→ **EXERCISE**
From the material below, copy exactly the lines beginning with the one that contains "六月十二日,為紀(jì)念抗" and ending with the one that contains "第2部では「大阪人の心意気を"; the pictures stay out.

→ **GIVEN DATA**
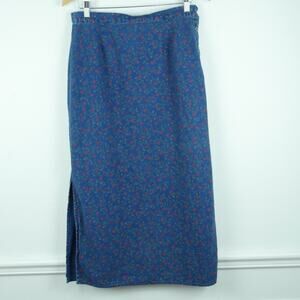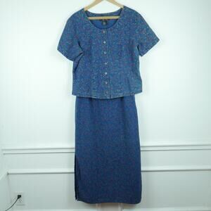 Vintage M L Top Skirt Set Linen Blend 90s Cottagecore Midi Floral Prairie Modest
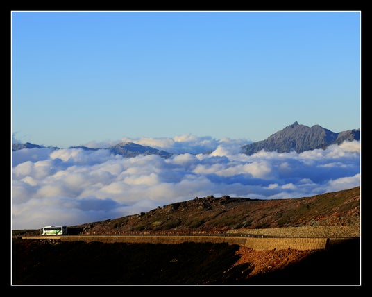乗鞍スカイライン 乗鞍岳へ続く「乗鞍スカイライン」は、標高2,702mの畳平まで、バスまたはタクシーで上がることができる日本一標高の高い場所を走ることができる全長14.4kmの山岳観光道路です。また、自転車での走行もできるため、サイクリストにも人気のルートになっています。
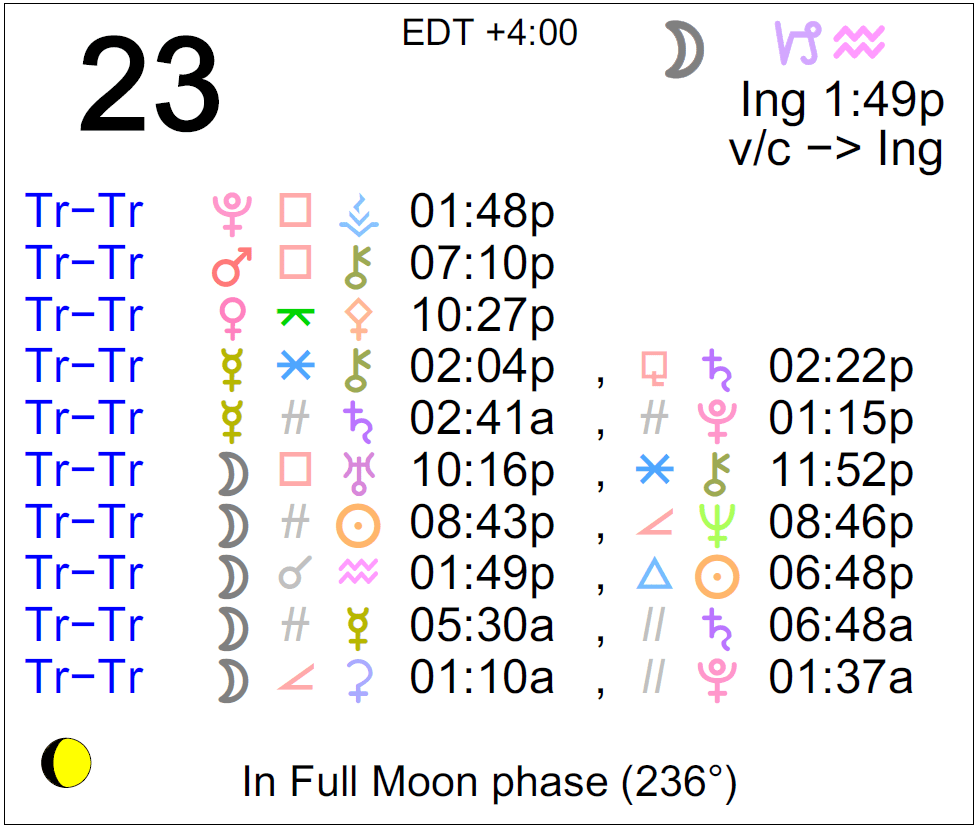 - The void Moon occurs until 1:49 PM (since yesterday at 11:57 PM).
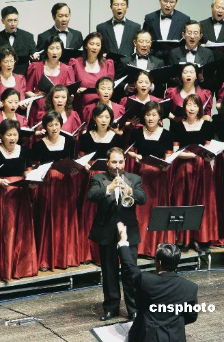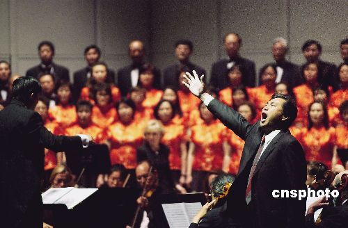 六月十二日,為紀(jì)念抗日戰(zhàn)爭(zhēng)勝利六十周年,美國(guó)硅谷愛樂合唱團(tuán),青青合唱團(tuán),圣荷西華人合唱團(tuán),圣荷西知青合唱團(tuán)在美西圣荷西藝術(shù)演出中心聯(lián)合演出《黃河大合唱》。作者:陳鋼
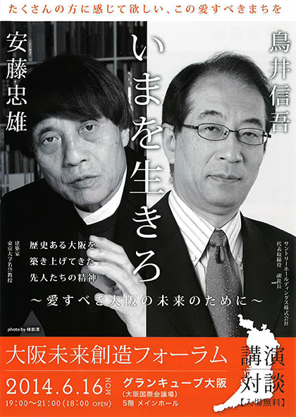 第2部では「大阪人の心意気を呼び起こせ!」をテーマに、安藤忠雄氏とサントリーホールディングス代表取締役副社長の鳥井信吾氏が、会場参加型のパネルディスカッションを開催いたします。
==
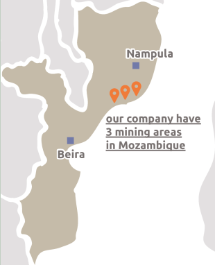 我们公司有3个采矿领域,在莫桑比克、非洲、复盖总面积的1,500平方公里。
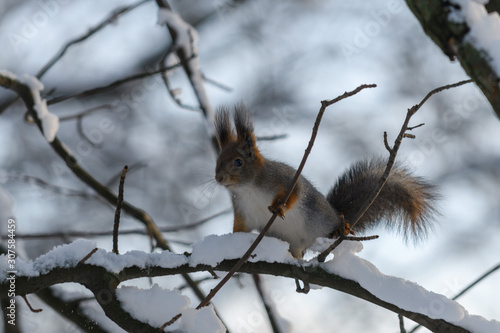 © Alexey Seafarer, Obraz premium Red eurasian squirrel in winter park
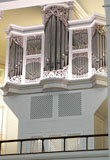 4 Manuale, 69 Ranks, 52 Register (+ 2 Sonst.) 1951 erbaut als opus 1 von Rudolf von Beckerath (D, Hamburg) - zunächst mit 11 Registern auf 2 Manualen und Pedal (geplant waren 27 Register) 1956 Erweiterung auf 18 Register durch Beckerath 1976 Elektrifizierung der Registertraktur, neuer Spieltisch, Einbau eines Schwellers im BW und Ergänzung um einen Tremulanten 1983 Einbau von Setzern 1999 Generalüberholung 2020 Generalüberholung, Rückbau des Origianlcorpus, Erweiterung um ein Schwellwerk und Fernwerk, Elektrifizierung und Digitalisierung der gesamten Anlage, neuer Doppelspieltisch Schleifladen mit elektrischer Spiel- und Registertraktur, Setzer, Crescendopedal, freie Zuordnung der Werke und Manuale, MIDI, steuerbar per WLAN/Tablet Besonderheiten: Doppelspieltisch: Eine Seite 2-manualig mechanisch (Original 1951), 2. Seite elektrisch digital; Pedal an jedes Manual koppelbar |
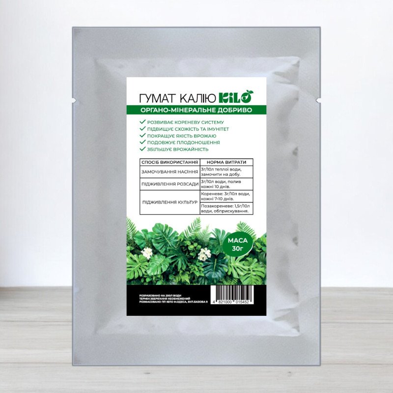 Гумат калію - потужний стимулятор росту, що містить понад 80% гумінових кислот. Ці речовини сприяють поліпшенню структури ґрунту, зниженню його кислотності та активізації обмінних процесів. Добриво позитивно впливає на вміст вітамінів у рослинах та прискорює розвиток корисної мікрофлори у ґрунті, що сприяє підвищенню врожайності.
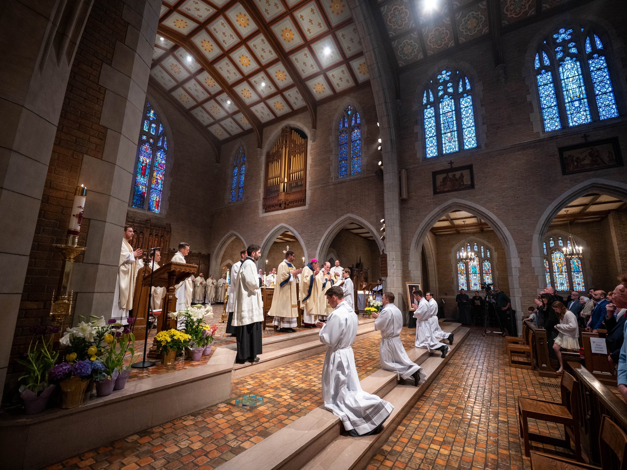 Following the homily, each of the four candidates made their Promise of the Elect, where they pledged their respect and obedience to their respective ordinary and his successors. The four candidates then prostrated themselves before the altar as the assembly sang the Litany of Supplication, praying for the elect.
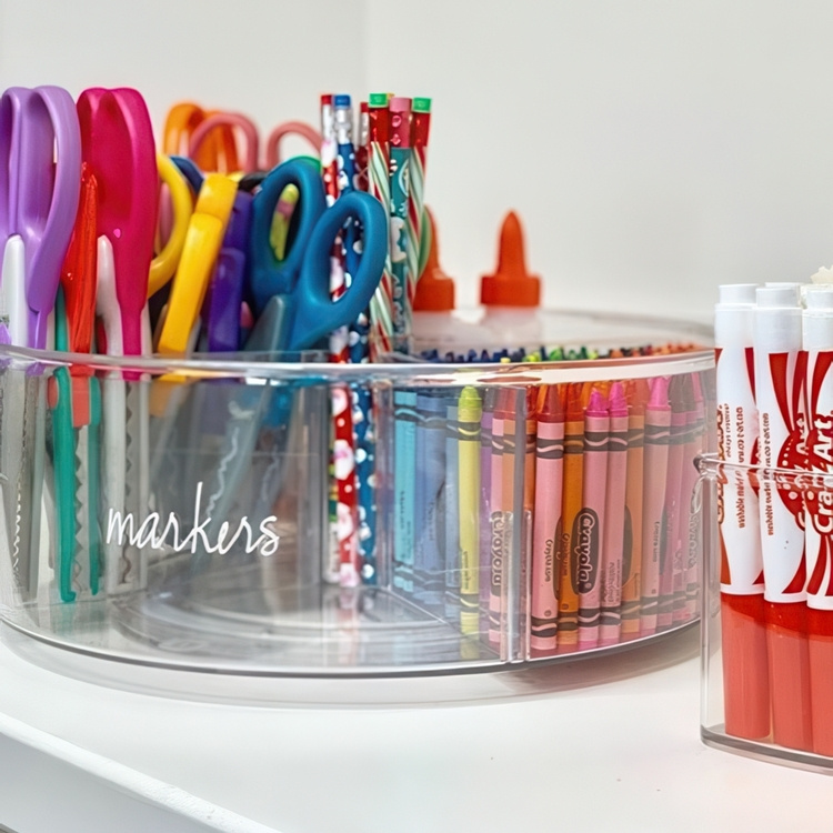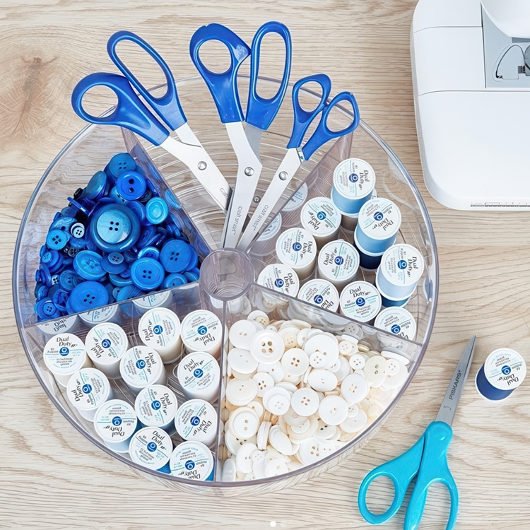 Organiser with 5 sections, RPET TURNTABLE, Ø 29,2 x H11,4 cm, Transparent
==
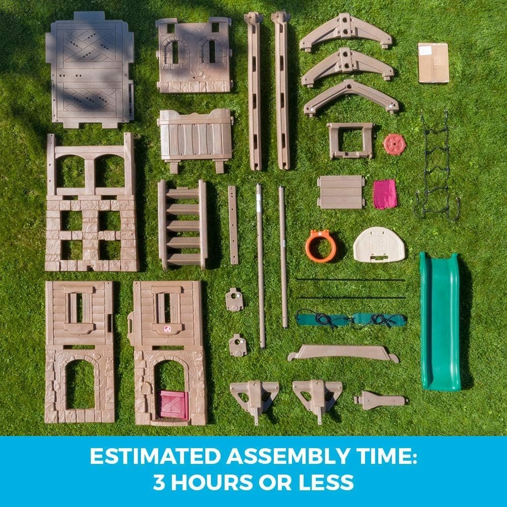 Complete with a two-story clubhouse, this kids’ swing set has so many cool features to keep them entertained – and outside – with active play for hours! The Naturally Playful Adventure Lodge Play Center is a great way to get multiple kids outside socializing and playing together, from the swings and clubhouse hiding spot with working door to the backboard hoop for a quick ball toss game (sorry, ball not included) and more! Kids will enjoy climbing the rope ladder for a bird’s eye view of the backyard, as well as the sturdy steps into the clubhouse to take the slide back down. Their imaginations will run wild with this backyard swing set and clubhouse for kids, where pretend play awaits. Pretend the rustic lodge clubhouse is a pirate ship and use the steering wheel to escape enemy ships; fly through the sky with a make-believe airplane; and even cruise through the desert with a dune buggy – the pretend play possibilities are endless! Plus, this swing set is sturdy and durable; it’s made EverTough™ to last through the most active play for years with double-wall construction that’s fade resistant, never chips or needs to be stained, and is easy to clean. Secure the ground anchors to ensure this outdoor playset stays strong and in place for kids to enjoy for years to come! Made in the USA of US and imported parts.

→ **SOLUTION**
 六月十二日,為紀(jì)念抗日戰(zhàn)爭(zhēng)勝利六十周年,美國(guó)硅谷愛樂合唱團(tuán),青青合唱團(tuán),圣荷西華人合唱團(tuán),圣荷西知青合唱團(tuán)在美西圣荷西藝術(shù)演出中心聯(lián)合演出《黃河大合唱》。作者:陳鋼
 第2部では「大阪人の心意気を呼び起こせ!」をテーマに、安藤忠雄氏とサントリーホールディングス代表取締役副社長の鳥井信吾氏が、会場参加型のパネルディスカッションを開催いたします。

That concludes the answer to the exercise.